Senators close in on Russia sanctions deal
A pair of top senators said on Sunday that they are closing in on a deal on Russia sanctions amid ramped-up tensions over Ukraine.
Sens. Bob Menendez (D-N.J.) and James Risch (R-Idaho) — the chairman and ranking member, respectively, of the Senate Foreign Relations Committee — said during a joint interview with CNN’s “State of the Union” that they were on the cusp of an agreement, with the goal of finalizing the legislation early this week.
“I would describe it as we are on the 1-yard line, and hopefully we will be able to conclude successfully,” Menendez told host Dana Bash, describing the negotiations as an “intensive effort.”
“There is an incredible bipartisan resolve for support of Ukraine and an incredibly strong bipartisan resolve to have severe consequences for Russia if it invades Ukraine and in some cases for what it has already done,” Menendez added.
Risch added that he was “cautiously optimistic at this point that when we get back to D.C. tomorrow that we’re going to be moving forward.”
Menendez previously introduced legislation to impose sanctions on Russia if it invades Ukraine.
Menendez’s bill would target Russian officials and financial institutions if President Biden determines Russia has invaded or engaged in a significant “escalation of hostilities” against Ukraine. The bill also authorizes sanctions on companies in Russia that offer secure messaging systems such as SWIFT, the international system by which banks communicate, and includes additional security assistance and provisions to help Ukraine push back against Russian disinformation.
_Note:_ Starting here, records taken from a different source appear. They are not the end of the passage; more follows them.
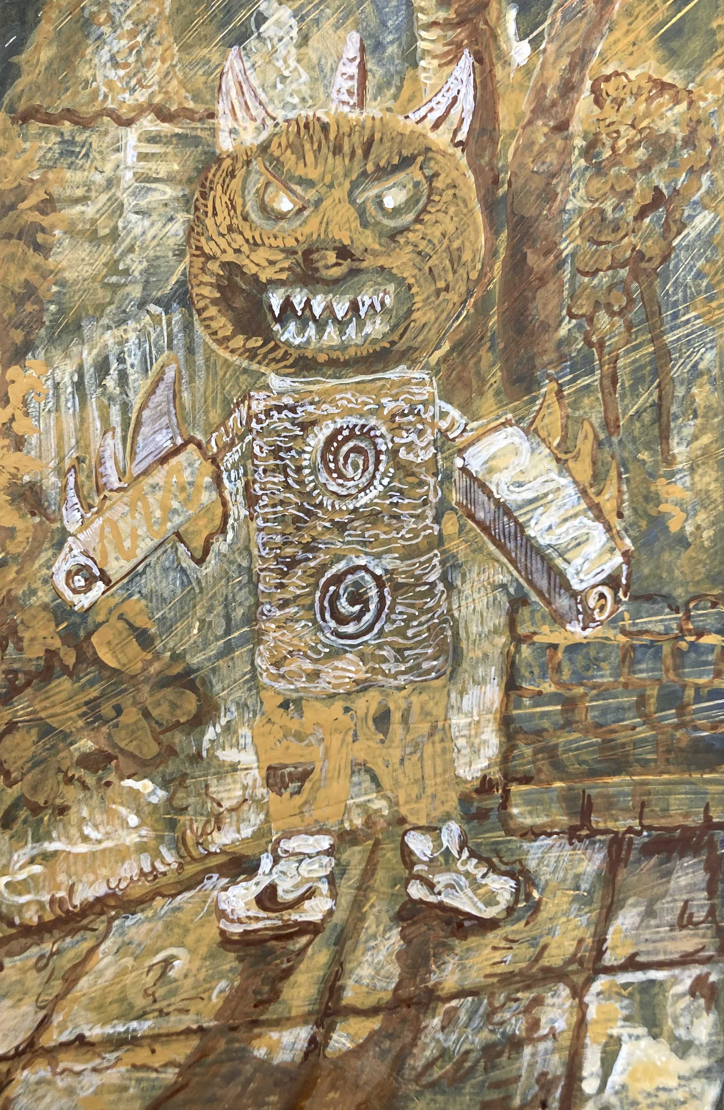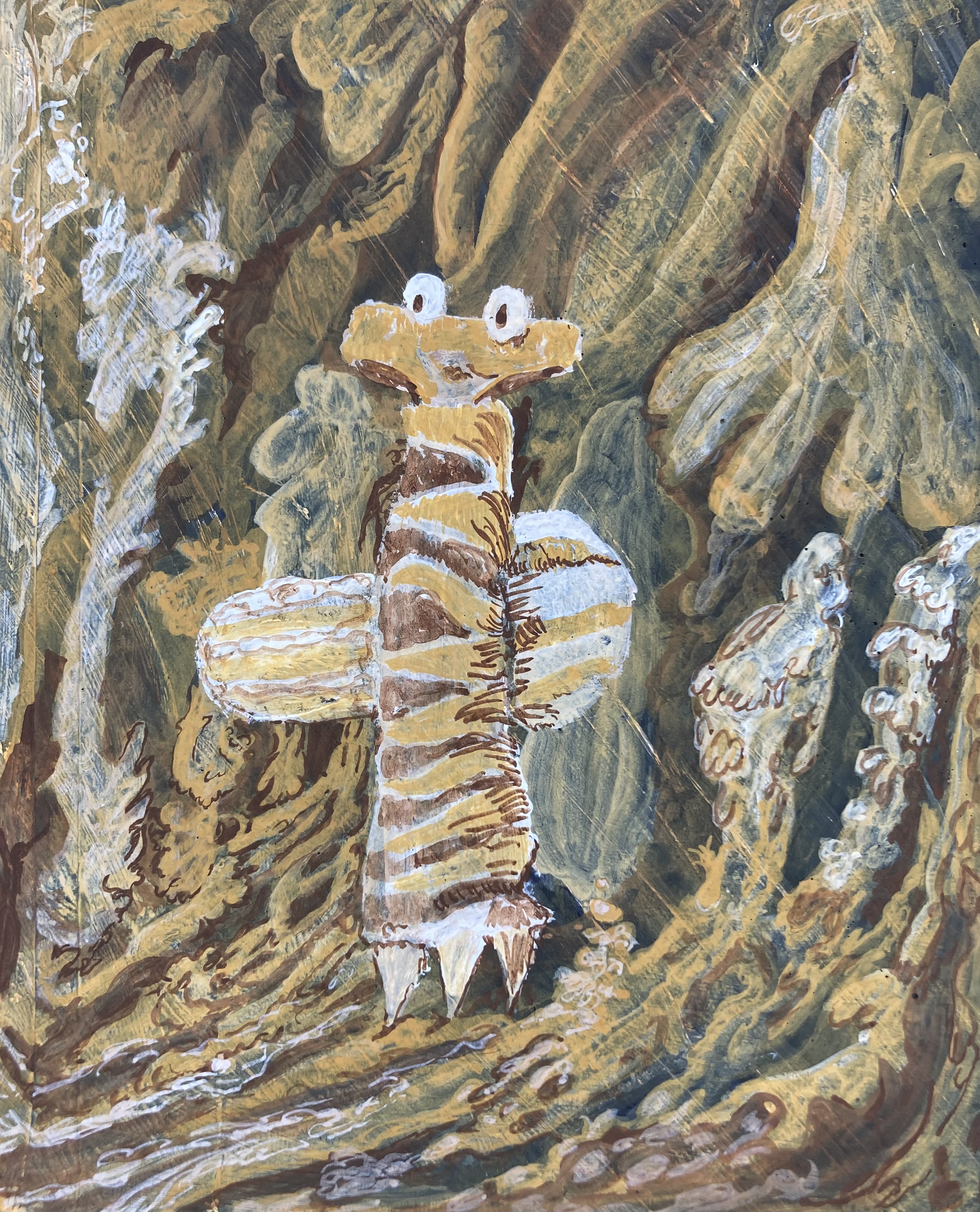 Painting as Shared Practice — From this archive, small paintings emerge. Created on recycled materials such as cardboard from consumer goods and scrap wood, each painting is prepared with layers of grey gesso and painted in tempera with a restricted palette. These paintings are not copies of the drawings, but translations — interpretations developed within a collective studio context. The process is standardized and open, allowing many hands to contribute.
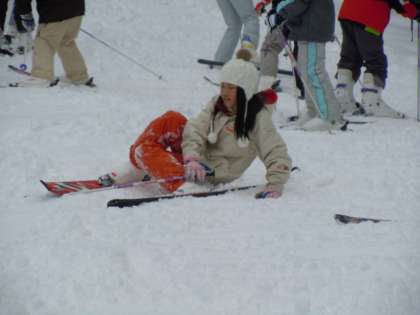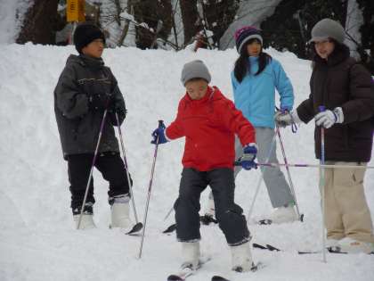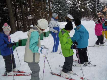 2日目の午前中は、スキー練習をしました。花背山の家にあるゲレンデでスキー靴を履いてすべったり歩いたり転んだりする練習をしました。その様子1です。
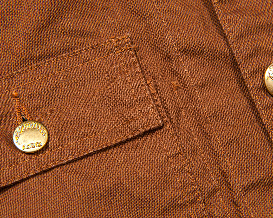 フラップ、ポケット本体も2本針ミシンで縫製するためチョウチョがあちこちに出ています。
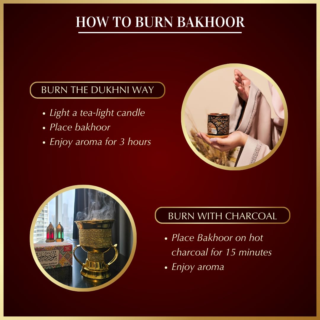 HOW TO USE: Dukhni Bakhoor can be burned the traditional way on charcoal. Place a piece of bakhoor on hot charcoal and enjoy as fragrant smoke fills up your room. Our signature burners allow for a new way of burning bakhoor with ease. Simply place a piece of bakhoor on the copper plate and light a candle below. The beauty of our burner is that it burns without smoke, steadily building up the flavour of the bakhoor and ensuring its longevity.
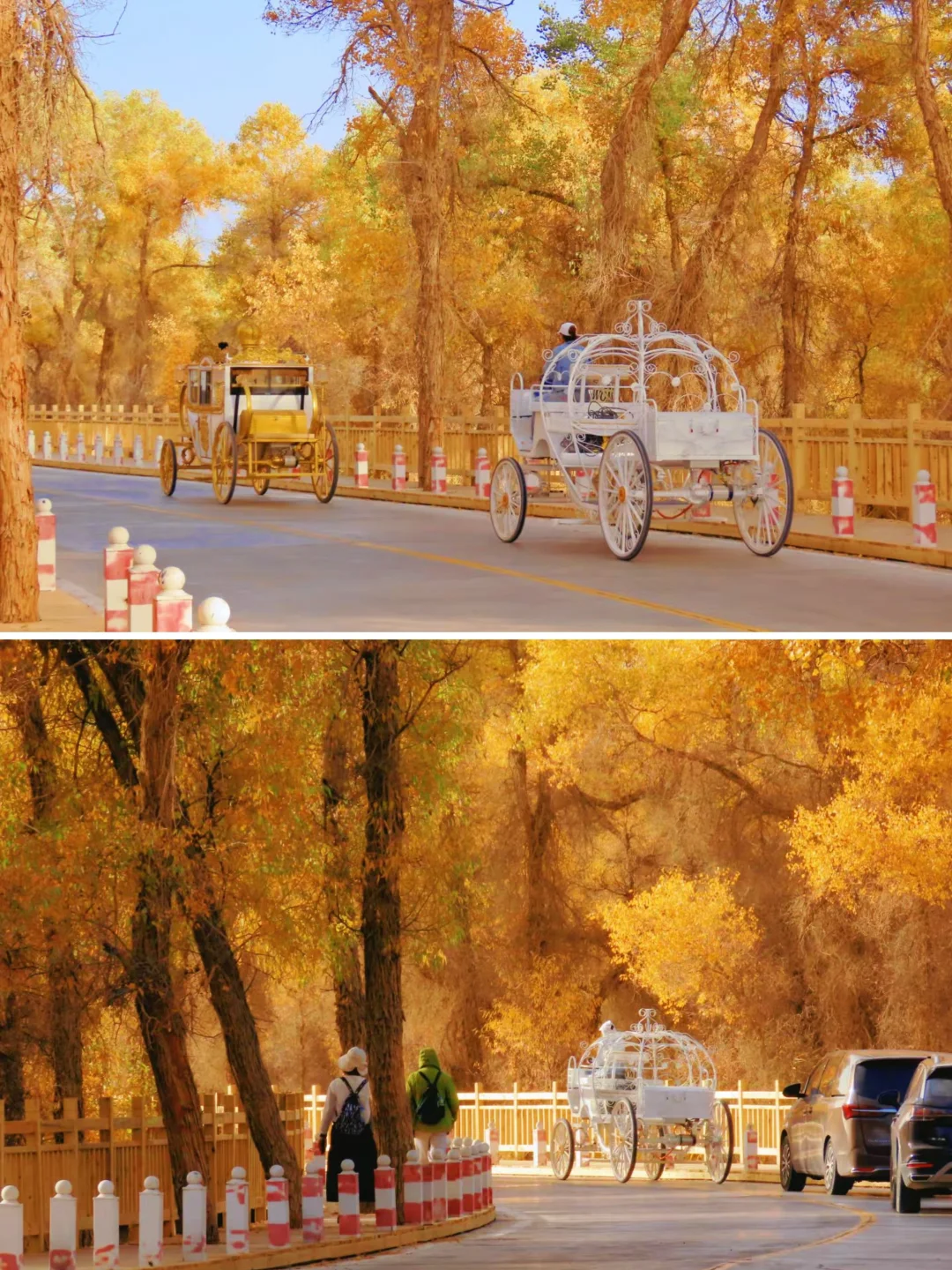 ✅胡杨林旅游旺季时游客很多,景交车非常拥挤,且等的时间很长,景区面积非常大,如果自己有车,建议买张车票开车进去游览,这样可以节省很多时间
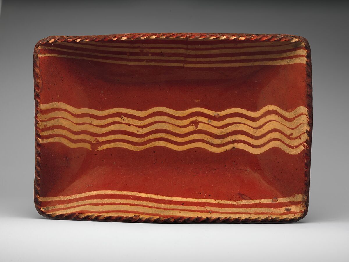 The very large coggled edge and slip decoration suggest an early date for this dish.
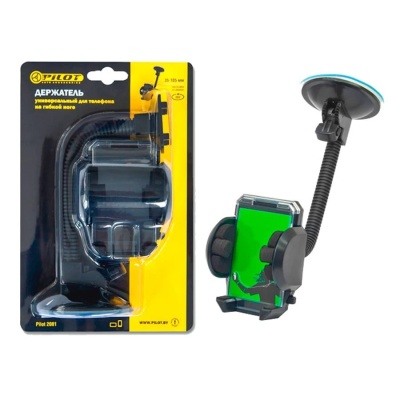 Держатель универсальный для телефона на гибкой ноге Pilot 2081 предназначен для фиксации гаджетов в автомобиле (телефона, навигатора или других, подходящих по размеру). Настройка по ширине 35-105 мм. Длинна штанги 207 мм. Максимальный допустимый вес 0,9 кг. Угол вращения 360°. Эластичная силиконовая присоска с фиксатором ( для крепления на стекло). Специальная клипса (для крепление на решетку обдува).
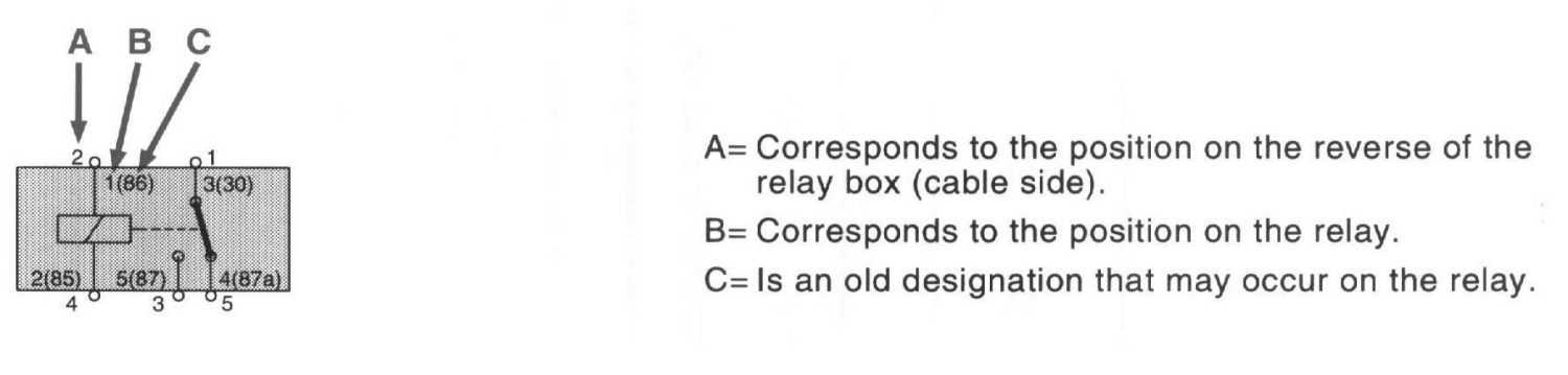 The relay locations are given two or three different designations in the wiring diagram. This is described below.

But Menendez and Risch have been leading a bipartisan group of senators to negotiate changes to the bill to come up with a bipartisan compromise that gets the 10 GOP votes needed to break a filibuster.
In addition to Menendez and Risch, GOP Sens. Rob Portman (Ohio), John Cornyn (Texas) and Lindsey Graham (S.C.) and Democratic Sens. Jeanne Shaheen (N.H.), Chris Murphy (Conn.) and Ben Cardin (Md.) are involved in the talks.
As part of the negotiations, the deal would include some sanctions that could be slapped on Russia now, instead of tying them to an invasion. Menendez pointed to sanctions related to cyberattacks by Russia, false flag operations and attempts to undermine the Ukrainian government as areas that could Moscow could be penalized for before a potential invasion of Ukraine.
Other sanctions would still be tied to an invasion of Russia in an effort to send a warning to Russian President Vladimir Putin about the consequences of invading Ukraine.
In addition to sanctions, the Senate deal is expected to bolster lethal aid to Ukraine as well as efforts to counter Russian misinformation.
One sticking point for the group remains what to do about the Nord Stream 2 pipeline, which will deliver gas from Russia to Germany.
Senate Democrats recently blocked legislation from Sen. Ted Cruz (R-Texas) that would have slapped sanctions on businesses related to the pipeline and let Congress force a vote on reinstating the penalties if Biden waived them.
Risch, on Sunday, indicated that senators hadn’t yet locked down what to do on the pipeline.
“We’re working on that,” he said. “That’s going to be the last T crossed, I dotted before we put the ball across the finish line.”